In 1999, Abbott et al. (including Hack) published a comprehensive article about the S/390’s new support for IEEE floating-point (as opposed to its IBM hexadecimal floating point). In that article, they observed (like Paxson) that difficult numbers can be generated by using continued fraction expansion of $𝑝𝑚^{ℝ}$ values. They also observed that bounding the size of the continued fraction expansion would bound the precision required, potentially leading to bignum-free conversions.

Following publication of that article, Alan Stern initiated “a spirited e-mail exchange during the spring of 2000” and “pointed out that the hints at improvement mentioned in that article were still too conservative.” As a result of that exchange, Hack launched a renewed investigation of the error behavior, leading to the 2004 technical report.

Hack’s report only addresses decimal-to-binary (parsing) with a fixed-length input, not binary-to-decimal (printing), even though the comments in the 1999 article were about both directions and the techniques would apply equally well to binary-to-decimal.

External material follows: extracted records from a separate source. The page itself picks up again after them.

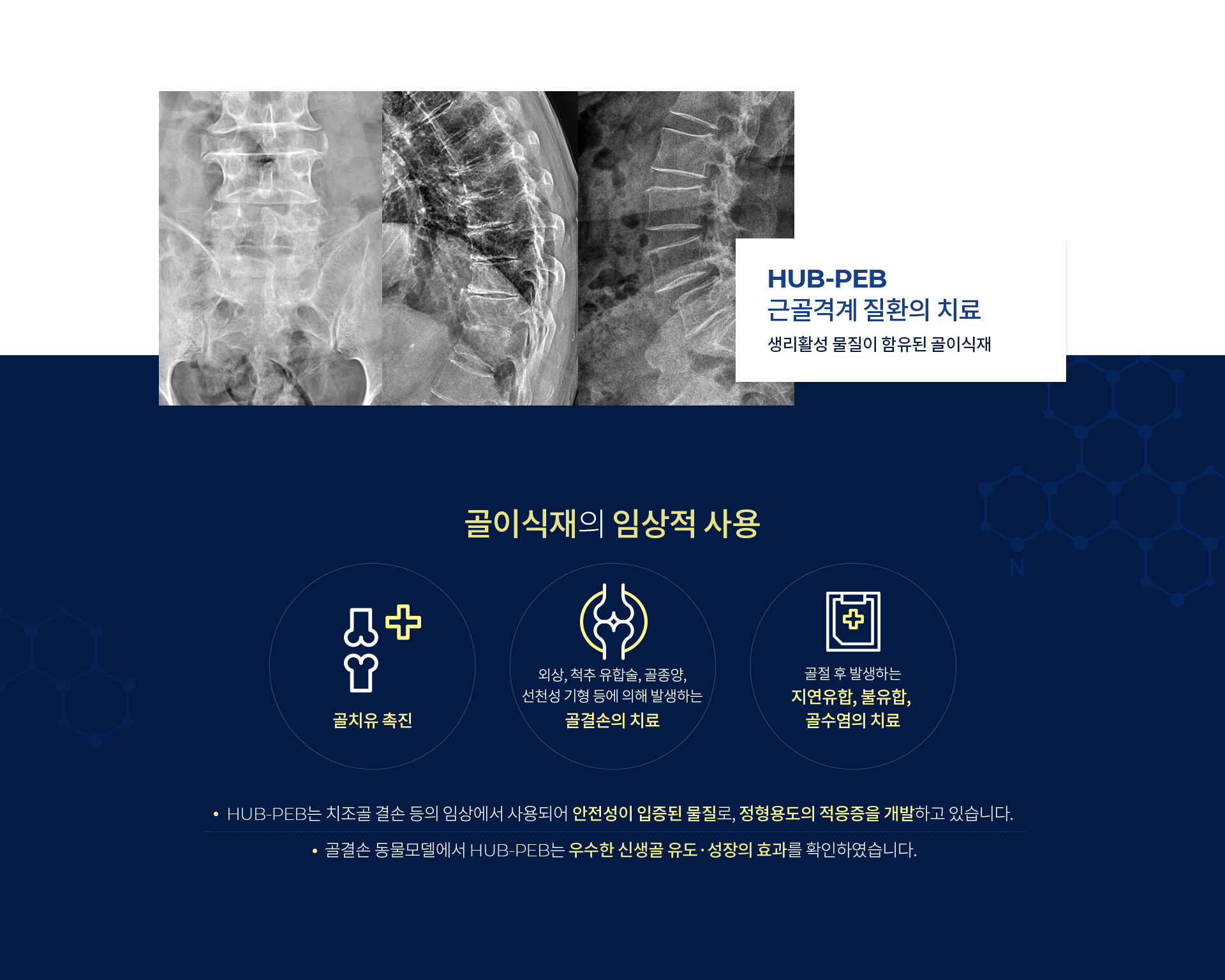 첨단 융복합의료제품 ㈜허브바이오텍은 근골격계 질환의 치료를 위해 첨단 융복합 의료제품을 개발하고 있습니다.
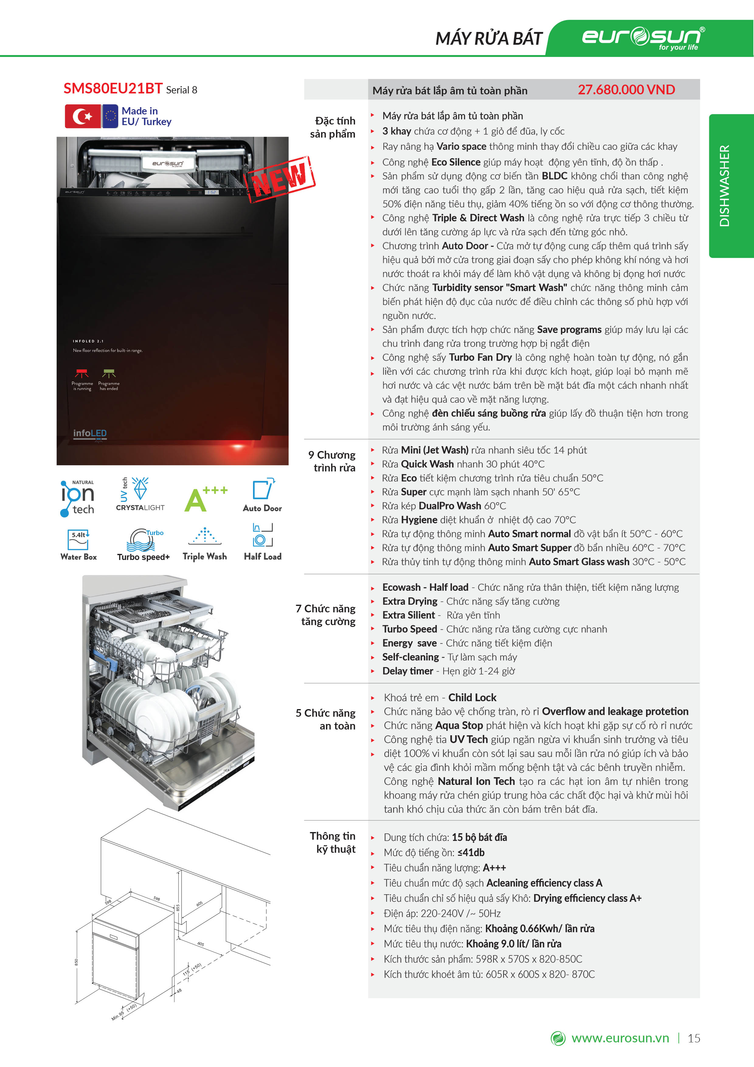 Thông số chi tiết Máy rửa bát Eurosun SMS80EU21BT
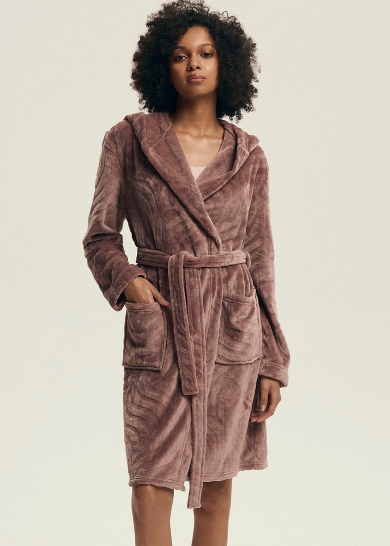 Жіночий халат з капюшоном виготовлений з м'якої, гладкої трикотажної тканини, оздоблений ніжним рельєфним візерунком. Довжина до коліна, довгі рукави та зав'язка на талії. Дві зручні зовнішні кишені. Склад: 100% поліестер.
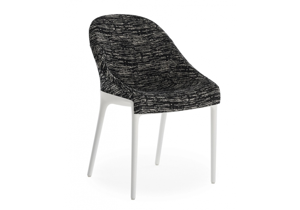 Eleganza Ela firmata da Philippe starck per Kartell è una sedia realizzata con struttura in tecnopolimero termoplastico colorato in massa riciclato e riciclabile e seduta in poliuretano rivestito in tessuto in parte riciclato post industriale.
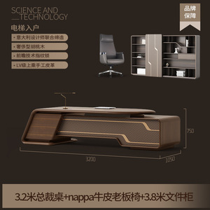 【珍稀胡桃木】3.2米总裁桌+nappa牛皮老板椅
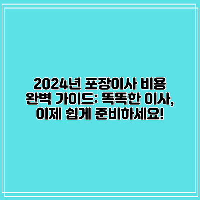 2024년 포장이사 비용 완벽 가이드: 똑똑한 이사, 이제 쉽게 준비하세요!
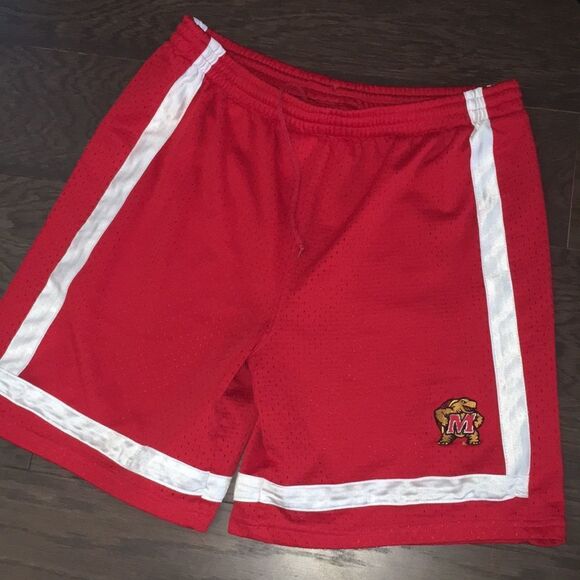 Sewn red vintage Maryland Terrapins NCAA Lined Basketball team practice shorts
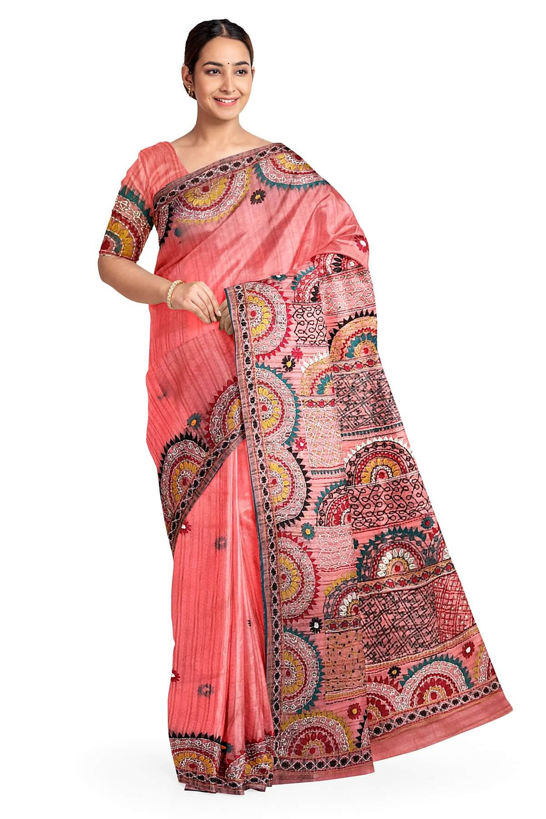 Hand block Bagru print on Chanderi silk cotton saree in red
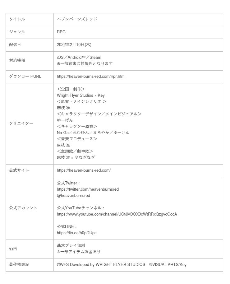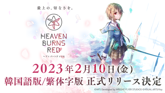 株式会社WFS(本社:東京都港区、代表取締役社長:柳原 陽太、グリー株式会社100%子会社)のWright Flyer Studiosと、株式会社ビジュアルアーツ(本社:大阪府大阪市北区、代表取締役:馬場 隆博)のKeyが贈るドラマチックRPG『ヘブンバーンズレッド』は、1周年を迎え初のゲーム内コラボイベントを開催します。本作の原案・メインシナリオを手がける麻枝 准が原作・脚本を担当し人気を博したオリジナルテレビアニメ『Angel Beats!』との初コラボを2月10日(金)より開始しました。
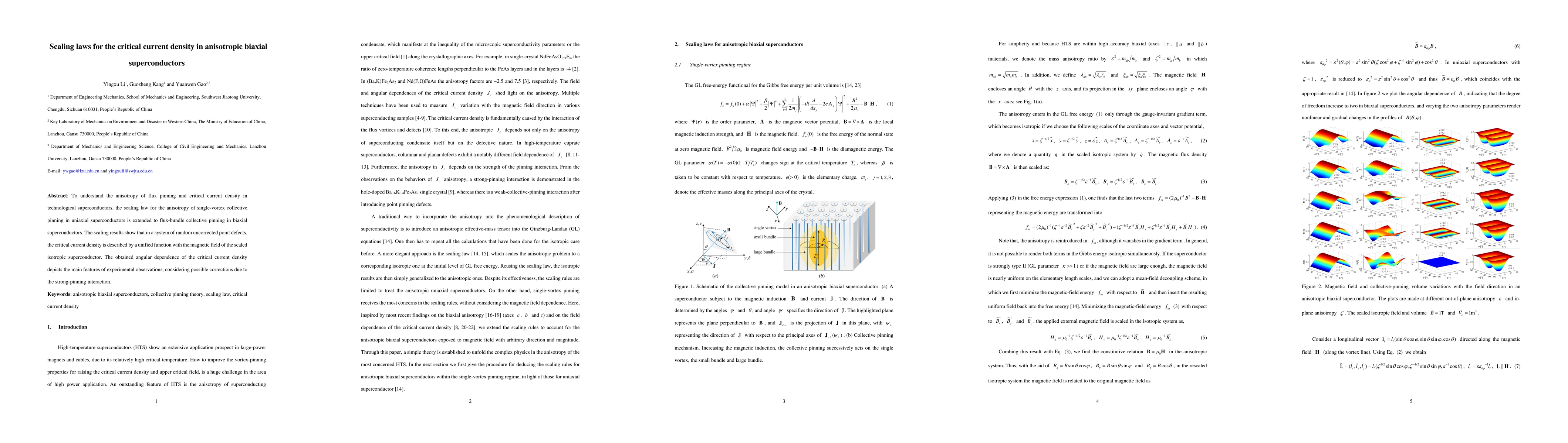 This paper extends the scaling law for flux pinning to biaxial superconductors, revealing that the critical current density in such systems is governed by a unified function dependent on the magnetic field, mirroring that of an isotropic superconductor. The study provides an angular dependence that aligns with experimental observations, accounting for strong-pinning interactions.
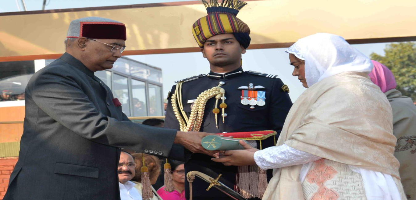 The President of India, Shri Ram Nath Kovind presenting the Ashok Chakra posthumously to Lance Naik Nazir Ahmad Wani, at the 70th Republic Day Parade, at Rajpath, in New Delhi on January 26, 2019. The award received by his Wife and Mother.
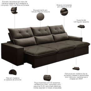 Sua estrutura em madeira não é apenas firme, é a promessa silenciosa de anos de bons momentos compartilhados, principalmente, quando aliado às percintas de reforço que trabalham discretamente, como guardiãs da durabilidade, enquanto você simplesmente vive. O segredo está nos detalhes que falam à alma: a espuma de alta densidade parece lembrar o formato do seu corpo; o mecanismo retrátil com molas ensacadas é suave como o cair da tarde e o encosto reclinável parece que sussurra "fica mais um pouco" nos seus momentos de descanso. O tecido? Um convite ao toque. O visual? Aquele abraço de sofisticação discreta que sua sala de estar esperava.
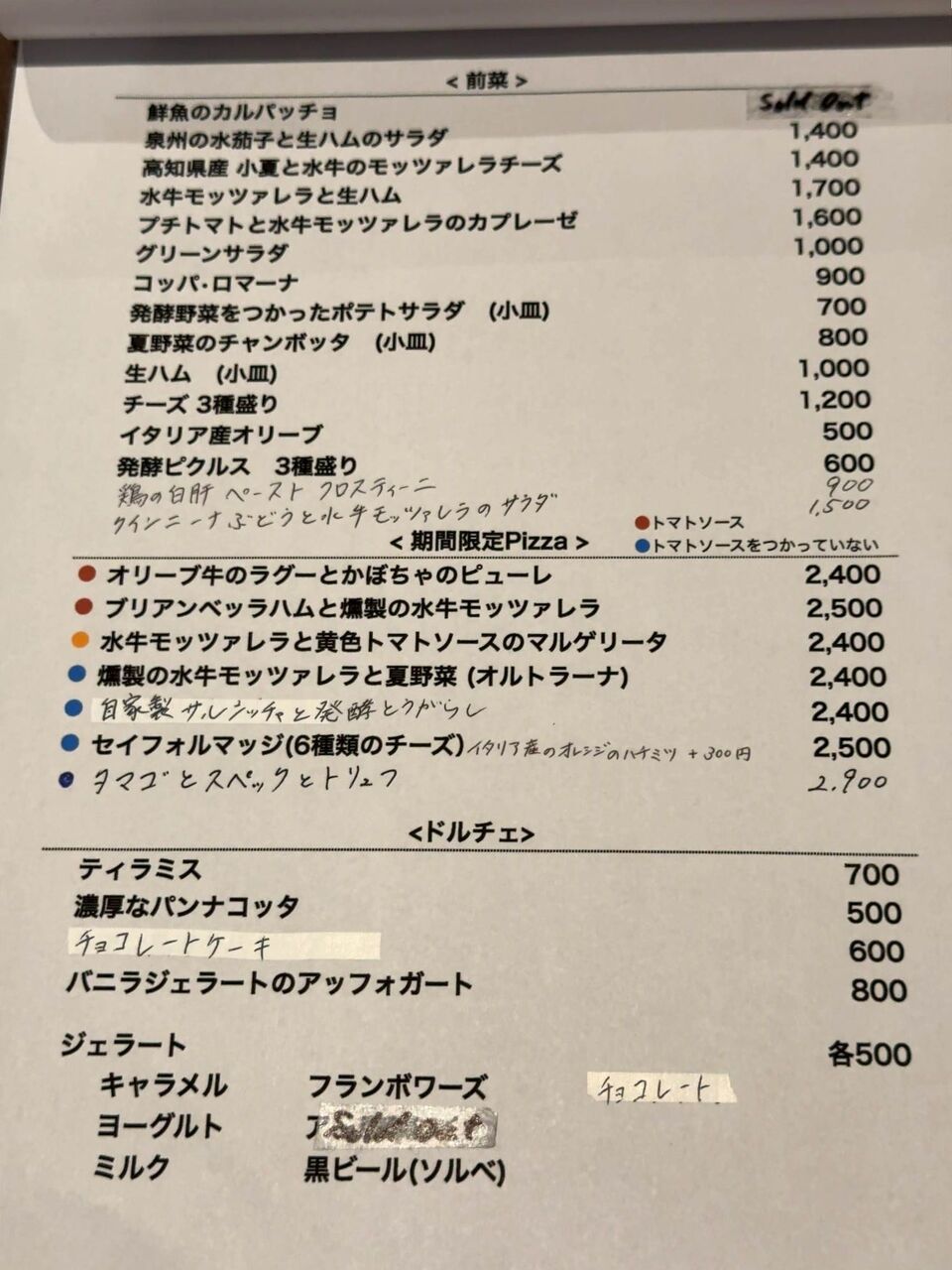 前菜なんかも用意されています。期間限定のピザも用意されています。まあ初めてですから定番で、「マルゲリータ」1700円をオーダーします。

In the terminology of this post, Hack proved that analysis of the continued fraction for a specific $𝑝𝑚^{ℝ}$ can establish a lower bound $L$ such that $𝑚𝑖𝑑𝑑𝑙𝑒^{ℝ} || 𝑏𝑜𝑡𝑡𝑜𝑚^{ℝ} < L$ if and only if $𝑚𝑖𝑑𝑑𝑙𝑒^{ℝ} || 𝑏𝑜𝑡𝑡𝑜𝑚^{ℝ} = 0$ . For an $n$ -digit decimal input, $L = 1/ (10^{n} \cdot (k + 2))$ where $k$ is the maximum partial quotient in the continued fraction expansion of $𝑝𝑚^{ℝ}$ following certain convergents.

Hack summarizes:

Using Continued Fraction expansions of a set of ratios of powers of two and five we can derive tight bounds on the intermediate precision required to perform correctly-rounding floating-point conversion: it is the sum of three components: the number of bits in the target format, the number of bits in the source format, and the number of bits in the largest partial quotient that follows a partial convergent of the “right” size among those Continued Fraction expansions. (This is in addition to the small number of bits needed to cover computational loss, e.g. when multiple truncating or rounding multiplications are performed.)
When both source and target precision are fixed, the set of ratios to be expanded grows linearly with the target exponent range, and is small enough to permit a simple exhaustive search, in the case of the IEEE 754 standard formats: the extra number of bits (3rd component of the sum mentioned above) is 11 for 19-digit Double Precision and 13 for 36-digit Extended Precision.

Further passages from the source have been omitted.